1 霹雳怡保培南独立中学 SM POI LAM (SUWA) IPOH FINAL EXAMINATION 2021 English Language Paper 1 DATE : 15 NOVEMBER 2021 TIME : 0805 - 0945 ((1hour 40 minutes) NAME:______________________ REG NO: _________________ CLASS:S2REN / S2ZHO INSTRUCTIONS TO CANDIDATES This subject comprises of Paper 1 (50%) and Paper 2 (50%) Paper1 consists of 2 sections: Section A: Essay Writing (35%), Section B: Summary Writing (15%). Your composition will be assessed on content, grammar, organization, spelling and punctuation. Write the question number or the topic you have chosen at the top of your test pads. Do Not Turn This Page Until You Are Told To Do So __________________________________________________________________________________ This paper consists of 3 printed pages include cover page Prepared by: Checked by: Survinderjeet Annie Lim …………………………… ……………………………… Survinderjeet Kaur Annie Lim
2 Section A : Essay Writing (35%) Write a composition of not fewer than 350 words on ONE (1) of the following topics. 1. Why do you think most pop songs are about love? Discuss. 2. The importance of co-curricular activities in school. 3. Ways to improve English 4. The causes and effects of noise pollution. 5. Tradition can be both useful and harmful. Section B : Summary Writing (15%) Read the following passage carefully, and then summarize it in continuous writing (not in note form) in not more than 150 words. Write a summary on : ▪ How Glinski escaped from the labour camp ▪ How he managed to stay alive during his escape Seventeen-year-old Witold Glinski crouched silently in the prison train as it crawled through the endless pine forest towards the city of Irkutsk, in Siberia. The Polish prisoner, like all other prisoners on the train, was a victim of Russia’s pact with Hitler. When the train finally came to a stop, the men were unloaded, shackled to long chains on the back of trucks and forced to march for 1300 kilometres. Six weeks later, as Glinski approached the remote labour camp, surrounded by watchtowers, he saw barking dogs run between fences of barbed wire. But as he marched through the gates, he noticed a weak spot: a natural snow-filled trench giving just enough wriggle-room under the wires. “This is where I’ll escape,” he told himself. Over the following months, Glinski secretly made fish hooks, a hatchet and a knife from splinters of iron he stole from the workshop. Then, during a dawn parade in February 1941, the commandant asked if any of the prisoners could fix a radio. “I know a bit about them,” Glinski offered. He got the broken set working, but wanted to stretch the job out. “I need to give it a good clean and check the valves,” he told the commandant’s wife, Maria Uszakof, who was supervising him. She had also once lived in Poland and gave him tea with lots of sugar and slice of bread. She told him to come back the next day. During the next two days, she gave him a parcel of dried meat, new shoes and hand-knitted socks. The day after, it was more shoes and long underwear. “Bad weather is blowing in,” she warned. “But that’s good for some.” She had realized what he was planning to do.
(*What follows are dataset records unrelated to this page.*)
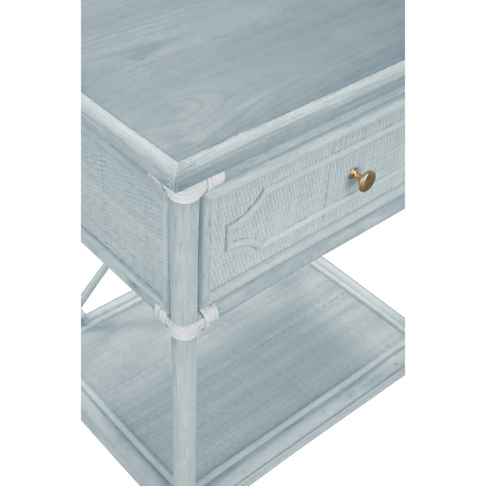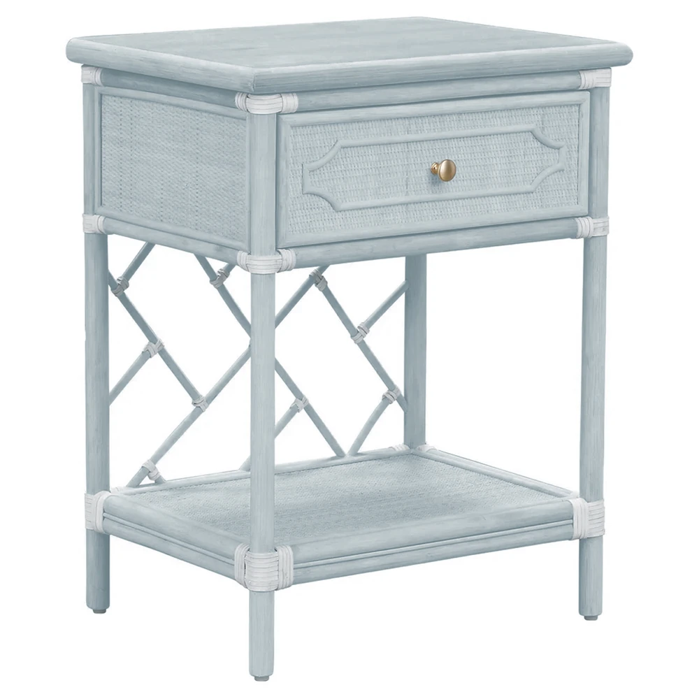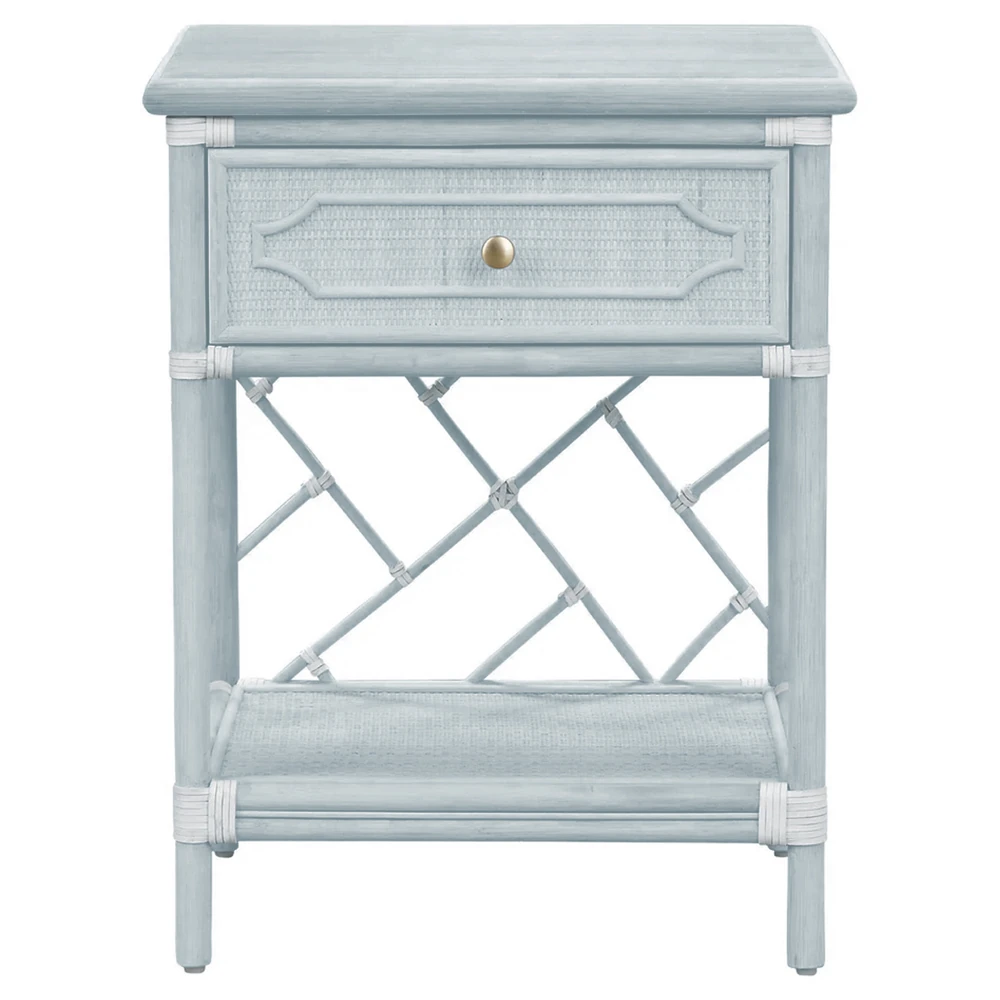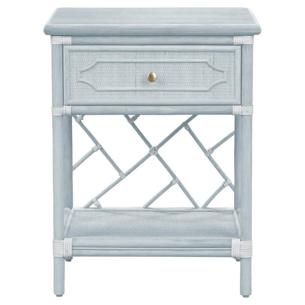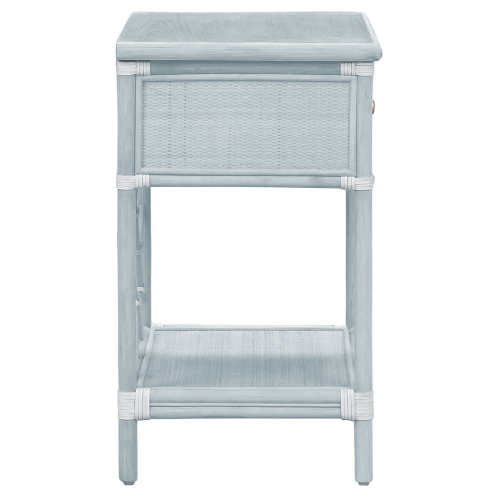 Ava Coastal Beach Light Blue Woven Rattan Nightstand
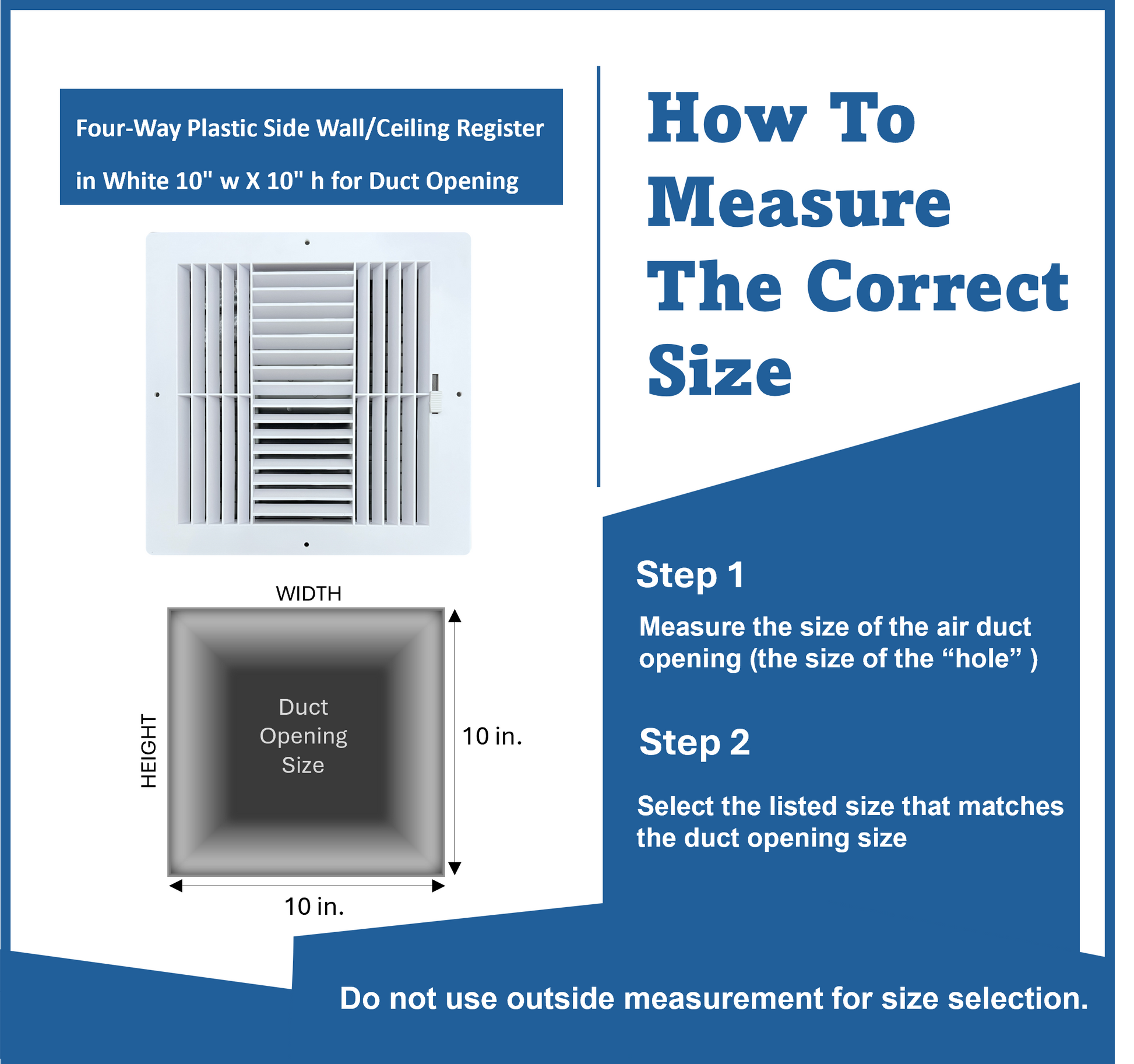 First thing to know about size selection: take the vent cover off the wall or ceiling. Measure the duct opening where the vent can fit in. Use the measurement to determine right size to buy. This product has listed size 10“w X 10”h is for duct opening measurement only, actual outsize overall dimensions is 11.75” wide by 11.75” high. If your duct opening size is 10” x 10”, this is the right size and will fit in well. If you measure outside or surface size, you will get a large one and it will not fit.
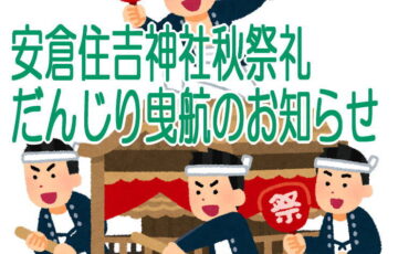 安倉住吉神社秋祭礼 だんじり曳航のお知らせ(10/10・11・12)
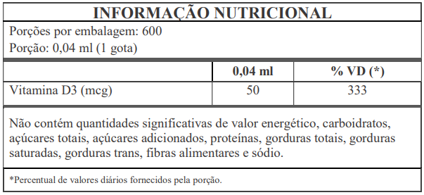 INGREDIENTES: Triglicerídeos de cadeia média (TCM), Vitamina D3 (colecalciferol) e antioxidante DL-alfa-tocoferol. NÃO CONTÉM GLÚTEN.
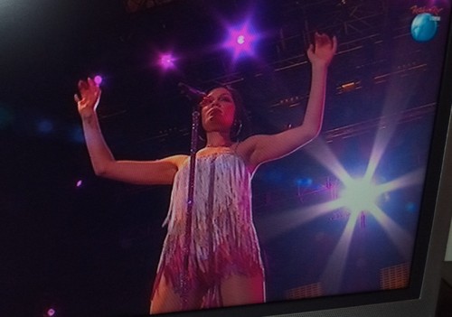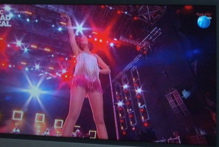 26 anos, corpo fantástico, um belo par de pernas (sou mulher, eu sei, mas, why not?), uma voz poderosa, um coro excelente, um guitarrista excepcional, simpática, leu a carta de uma fã, enviou-lhe uma foto autografada, põe as apresentadoras a chorar...interagiu com os fãs, limpou uma lágrima ao fã que com ela cantava, saca de um cachecol de Portugal , agita-o, dança, poê-no em volta do pescoço, canta entre os seguranças, "desafia-os", oh, meu Deus, que mulher.!
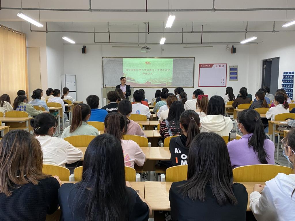 4月21日下午,商学院党委在实训楼B313教室举行第38期入党积极分子培训班开班仪式,党委书记肖良、专职组织员(党务秘书)张锐锐、党建助理队成员及100名入党积极分子参加了开班仪式。
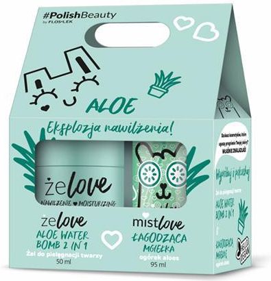 Zestaw Flos-Lek zawiera: 1.Flos-Lek Aloe żeLOVE, żel do twarzy 2w1, 50 ml. 2.Flos-Lek Aloe mistLOVE, łagodząca mgiełka, 95 ml. 1. Flos-Lek Aloe żeLOVE, żel do twarzy 2w1, 50 ml: Flos-Lek Aloe żeLOVE, żel do twarzy 2w1 to kosmetyk o orzeźwiającym zapachu zielonego ogórka przeznaczony jest do pielęgnacji skóry twarzy, szyi i dekoltu. Żel działa łagodząco na przesuszoną i ściągniętą skórę. Sprawdzi się idealnie na przykład po wysiłku fizycznym w celu ochłodzenia cery. Zastosowanie Dla nawilżenia przesuszonej skóry. Jako baza pod make-up. Sposób użycia Stosuj żel dowolnie, na skórę twarzy, szyi i dekoltu. Używaj rano i wieczorem. Produkt może być stosowany tak często jak jest to potrzebne, jako nawilżająca maseczka. Składniki (INCI) Aqua, Isopentyldiol, Glycerin ( gliceryna ), Dipropylene Glycol, Aloe Barbadensis Leaf Juice ( ekstrakt z aloesu ), Cucumis Sativus Extract ( ekstrakt z ogórka ), Panthenol ( panteno l), Carbomer, Sodium Acrylate/Sodium Acryloyldimethyl Taurate Copolymer, Isohexadecane, Polysorbate 80, Sorbitan Oleate, Triethanolamine, Parfum, Ethylhexylglycerin, Caprylhydroxamic Acid, Potassium Sorbate, Sodium Benzoate, CI 47005, CI 42090, Sodium Sulfate. 2. Flos-Lek Aloe mistLOVE, łagodząca mgiełka, 95 ml: Flos-Lek Aloe mistLOVE, łagodząca mgiełka może być stosowana nawet kilka razy dziennie w zależności od potrzeb, na włosy, skórę twarzy i ciała. Idealnie sprawdzi się jako alternatywa dla toniku, baza pod makijaż lub oczyszczająco przed nałożeniem kremu. Zawarty w składzie ogórek działa nawilżająco, zapewnia uczucie świeżości oraz ochłodzenia. Zastosowanie W celu odświeżenia i ochłodzenia skóry. Wygładzająco na odstające kosmyki włosów. Dla nawilżenia skóry całego ciała. Sposób użycia Wstrząśnij przed użyciem. Rozpyl mgiełkę na twarz, dekolt, włosy oraz ciało. Czynność można powtarzać według potrzeb. Składniki (INCI) Aqua, Glycerin ( gliceryna ), Aloe Barbadensis Leaf Juice ( ekstrakt z aloesu ), Cucumis Sativus Extract ( ekstrakt z ogórka ), Polysorbate 20, Sodium Phytate, Citric Acid, Parfum, Sodium Benzoate, Potassium Sorbate, Sodium Sulfate, CI 42090, CI 47005.
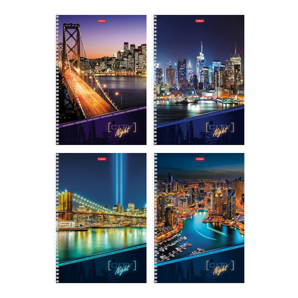 Тетрадь 96л А4 клетка/гребень "Ночной город" картон, ассорти 96Т4вмВ3гр Hatber
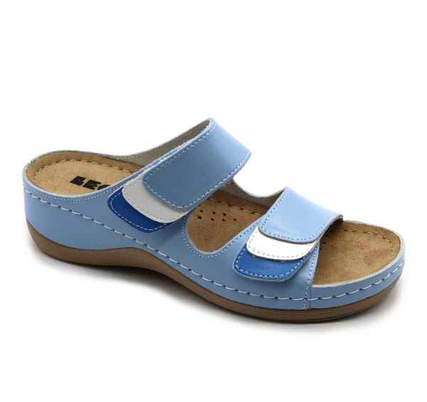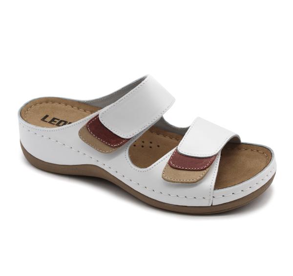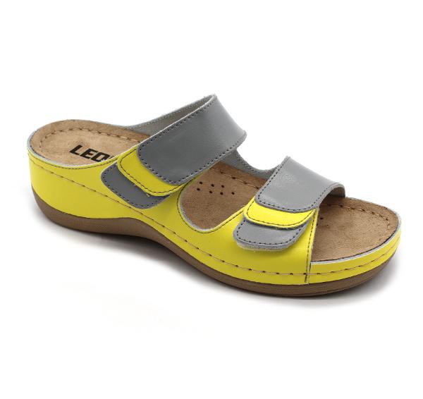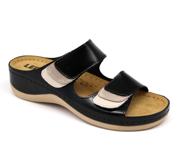 Offene Damenpantoffeln aus Leder mit rutschfester Kunststoffsohle. Beide Riemen sind mit Klettverschluss verstellbar. Die Innensohle ist weiches Gel, Leder. Entwickelt für den täglichen Gebrauch, zu Hause, auf der Straße oder bei der Arbeit (Ihre Füße werden nach stundenlangem Laufen nicht müde).

3 That night, after midnight, Glinski crept out and headed for the trench he had spotted. The guards were drinking vodka and playing cards. He slithered under the fence, dragging his belongings wrapped in a blanket. But something made him look back – another man was following him. Glinski’s heart stopped. Was his escape all over? “Who are you?” he demanded. “Don’t worry, I’m your friend,” came the reply. Eventually, several figures were crouching silently around him. It was a varied cast: Smith, an American engineer; Zaro, red-haired, immensely strong but not very smart; Batko, a muscular six footer who had murdered someone, then fled to join the French Foreign Legion; three Polish infantry soldiers; and a sickly teenagers who soon disappeared. They’d all kept an eye on Glinski, realized he was planning to escape and decided to follow. Every day was a hunt for things to kill or pick: a hare dug of its hole with knives and sticks: marsh reeds tasting of bitter celery; salad of sorrel, angelica and clover; small plants with long roots eaten raw or boiled, or pounded into a dough, mixed with water and baked like chapattis. Then it was January 1942. The former prisoners of war had walked for 11 months, and covered about 6500 kilometres. Glinski was transferred to an army hospital outside Calcutta where he remained ill for weeks. He later joined the Polish army in Tehran, Iran and was sent to Egypt, then South Africa, then to fight in Europe.